Correlation Between Global X and Volatility Shares
Can any of the company-specific risk be diversified away by investing in both Global X and Volatility Shares at the same time? Although using a correlation coefficient on its own may not help to predict future stock returns, this module helps to understand the diversifiable risk of combining Global X and Volatility Shares into the same portfolio, which is an essential part of the fundamental portfolio management process.
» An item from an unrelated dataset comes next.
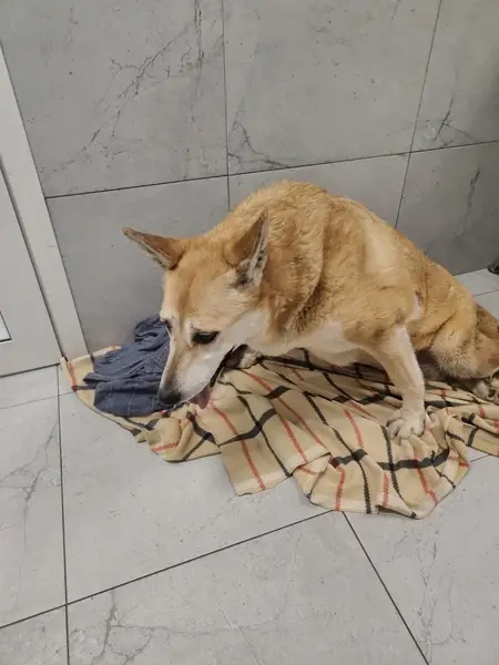 Окрас рыжий, с темной мордой, одно ухо висячее, на хвосте темные пятна.

By analyzing existing cross correlation between Global X Blockchain and Volatility Shares Trust, you can compare the effects of market volatilities on Global X and Volatility Shares and check how they will diversify away market risk if combined in the same portfolio for a given time horizon. You can also utilize pair trading strategies of matching a long position in Global X with a short position of Volatility Shares. Check out your portfolio center. Please also check ongoing floating volatility patterns of Global X and Volatility Shares.
Diversification Opportunities for Global X and Volatility Shares
0.9 | Correlation Coefficient |
Almost no diversification
The 3 months correlation between Global and Volatility is 0.9. Overlapping area represents the amount of risk that can be diversified away by holding Global X Blockchain and Volatility Shares Trust in the same portfolio, assuming nothing else is changed. The correlation between historical prices or returns on Volatility Shares Trust and Global X is a relative statistical measure of the degree to which these equity instruments tend to move together. The correlation coefficient measures the extent to which returns on Global X Blockchain are associated (or correlated) with Volatility Shares. Values of the correlation coefficient range from -1 to +1, where. The correlation of zero (0) is possible when the price movement of Volatility Shares Trust has no effect on the direction of Global X i.e., Global X and Volatility Shares go up and down completely randomly.
Pair Corralation between Global X and Volatility Shares
Given the investment horizon of 90 days Global X Blockchain is expected to generate 0.57 times more return on investment than Volatility Shares. However, Global X Blockchain is 1.76 times less risky than Volatility Shares. It trades about 0.05 of its potential returns per unit of risk. Volatility Shares Trust is currently generating about 0.0 per unit of risk. If you would invest 4,404 in Global X Blockchain on October 7, 2024 and sell it today you would earn a total of 1,453 from holding Global X Blockchain or generate 32.99% return on investment over 90 days.
Time Period | 3 Months [change] |
Direction | Moves Together |
Strength | Very Strong |
Accuracy | 65.64% |
Values | Daily Returns |
Global X Blockchain vs. Volatility Shares Trust
Performance |
Timeline |
Global X Blockchain |
Volatility Shares Trust |
Global X and Volatility Shares Volatility Contrast
Predicted Return Density |
Returns |
Pair Trading with Global X and Volatility Shares
The main advantage of trading using opposite Global X and Volatility Shares positions is that it hedges away some unsystematic risk. Because of two separate transactions, even if Global X position performs unexpectedly, Volatility Shares can make up some of the losses. Pair trading also minimizes risk from directional movements in the market. For example, if an entire industry or sector drops because of unexpected headlines, the short position in Volatility Shares will offset losses from the drop in Volatility Shares' long position.Global X vs. VanEck Digital Transformation | Global X vs. Bitwise Crypto Industry | Global X vs. First Trust Indxx | Global X vs. First Trust SkyBridge |
Volatility Shares vs. Valkyrie Bitcoin Strategy | Volatility Shares vs. Global X Blockchain | Volatility Shares vs. Bitwise Crypto Industry | Volatility Shares vs. VanEck Digital Transformation |
Check out your portfolio center.Note that this page's information should be used as a complementary analysis to find the right mix of equity instruments to add to your existing portfolios or create a brand new portfolio. You can also try the Fundamentals Comparison module to compare fundamentals across multiple equities to find investing opportunities.